Qu'est ce qui nous pousse à intervenir? «L'atruisme peut-être, se demande Béatrice Gérard, le fait aussi de se dire que si cela nous arrivait, on aimerait que quelqu'un réagisse. Mais on a pas toujours le temps de réfléchir».«L'empathie, poursuit Sidonie Verhaeghe, (je ne peux pas supporter voir ce que cette personne subit), ou l'estime de soi et la reconnaissance des autres (un esprit chevaleresque, un besoin de se sentir valorisé par l'intervention)». La culpabilité aussi: «Ça nous est arrivé à tous déjà de ne pas réagir une fois, puis de s'en vouloir.

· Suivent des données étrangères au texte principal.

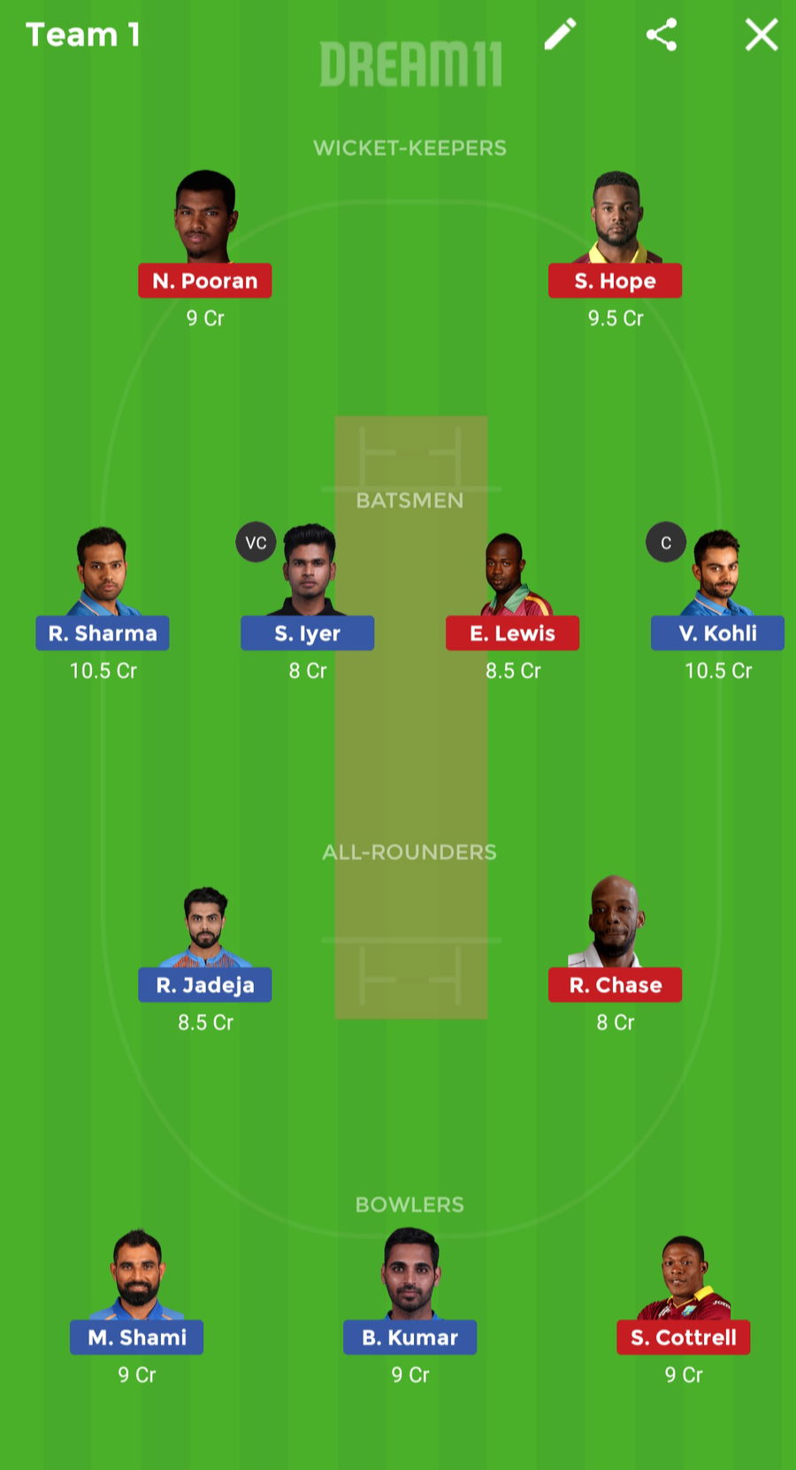 Three bowlers have been named in the WI vs IND Dream 11 predictions team. They are Bhuvneshwar Kumar, Mohammed Shami and Sheldon Cottrell. While Bhuvneshwar Kumar is leading the pace attack by taking 4 wickets in the last game, Shami isn’t far behind. He picked up two.?On the other hand, Sheldon Cottrell is the key bowler of West Indies who have been among wickets.

La peur pour notre sécurité se trouve remplacée par la honte de ne pas être intervenus», raconte Béatrice Gérard. 

Ne pas intervenir, c'est légitimer

Le plus grave dans le fait de ne pas intervenir, c'est que cela produit une normalisation, une légitimation de l'agression, et cela perpétue l'idée que tout le monde n'a pas sa place dans l'espace public. «On a le sentiment que ce qui se passe n'est pas si grave», constate Sidonie Verhaeghe. C'est valable aussi bien quand ce sont des hommes qui sont victimes ou des femmes. (Même si pour beaucoup, une femme n'a rien à faire la nuit, seule.) «Dès lors, poursuit la sociologue, occuper ces espaces constitue une prise de risque qui est doublement sanctionnée: par l'agression et par la non-intervention des témoins»

Biensûr, nous ne sommes pas tous égaux devant l'appropriation de l'espace public, ni devant la peur. Mais on l'est devant la loi. La non-assistance à personne en danger engage votre responsabilité.